Le mime face à un "grand vide"

http://www.lemonde.fr/culture/article/2011/08/04/le-mime-face-a-un-grand-vide_1556116_3246.html

Qui n'a jamais entendu parler du festival Mimos de Périgueux (Dordogne), unique manifestation consacrée au mime en France depuis vingt-neuf ans ? C'est dire à la fois son prestige, son incongruité et sa résistance dans un paysage festivalier pourtant inflationniste. C'est dire aussi en sourdine combien l'art du mime possède un statut flottant et souffre d'un déficit de reconnaissance dans l'Hexagone : sur les dix-huit compagnies à l'affiche de Mimos, seulement quatre sont françaises.

Programmée du 1er au 6 août, l'édition 2011, sous la direction artistique de Patrick Roger, marque une volonté de changement.
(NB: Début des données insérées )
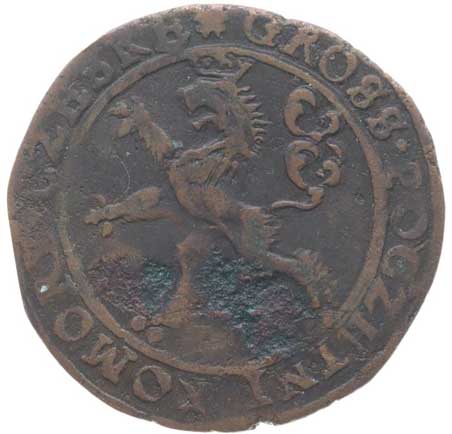 579. | Početní groš měděný b.l., český lev drží tři razidla, opis / český

Mimos, "Festival international du mime", devient "Festival des arts du mime et du geste". Détail d'importance. Cette rallonge entend agrandir le territoire spectaculaire tout en brisant l'image ringarde du mime, trop souvent cantonnée à celle de Marcel Marceau (1923-2007). "La situation du mime est sinistrée en France, assène Chantal Achilli, directrice générale de Mimos et du Théâtre L'Odyssée, à Périgueux. Il nous faut non seulement lutter contre les clichés réducteurs mais nous rapprocher des nouvelles esthétiques, celles d'un théâtre gestuel ou physical theatre, comme le disent les Anglo-Saxons, qui apparaissent un peu partout dans le monde avec l'arrivé des jeunes générations."

Cette revendication s'appuie sur une vague de fond qui soulève le milieu depuis trois ans. En 2008, à l'initiative de quelques artistes de mime, dont Claire Heggen et Yves Marc, du Théâtre du mouvement, un comité national de réflexion autour de l'identité du mime et du théâtre gestuel, rassemblant des artistes, des directeurs de théâtres, des critiques, a élaboré une série de mesures susceptibles de revaloriser la profession - une trentaine de compagnies sont répertoriées en France - tout en soutenant les petits nouveaux.

Cet "appel au secours", selon la formule de Chantal Achilli, a été entendu par le ministre de la culture, Frédéric Mitterrand, qui avait pris connaissance des propositions du comité lors du festival d'Avignon 2010. "Il y a un grand vide autour du mime, souligne Claire Heggen. Pour ne parler que des subventions, il n'existe aucune ligne budgétaire qui lui soit consacrée. Il faut choisir de se définir soit du côté de la danse, soit du côté du théâtre. Je me souviens qu'au début des années 1980, Josef Nadj, qui vient du mime, cherchait comme moi à obtenir des financements. Il s'est tourné vers la danse. Nous avons, avec Yves Marc, choisi le théâtre. Il est urgent que cela change."

Deux grandes mesures sont d'ores et déjà en cours d'étude et de réalisation. La création d'un "pôle national des arts du mime", basé à Périgueux, dont le maire, Michel Moyrand (PS), vient de commander une étude de faisabilité, se profile à l'horizon. A la rentrée 2012, l'Ecole supérieure d'art dramatique (il en existe onze actuellement en France qui dispensent le diplôme national supérieur) de Boulogne-Billancourt, dirigée par le mime et metteur en scène Jean-Claude Cotillard, va ouvrir un parcours "arts du mime et du geste".

"Il faut sortir des anciens schémas, précise-t-il. Sans renier les enseignements des deux figures historiques du mime que sont Etienne Decroux (1898-1991) et Jacques Lecoq (1921-1999), il faut bâtir la pédagogie d'un art d'aujourd'hui : celle d'un théâtre visuel basé sur une écriture du plateau et du corps qui assume son souci d'un sens narratif."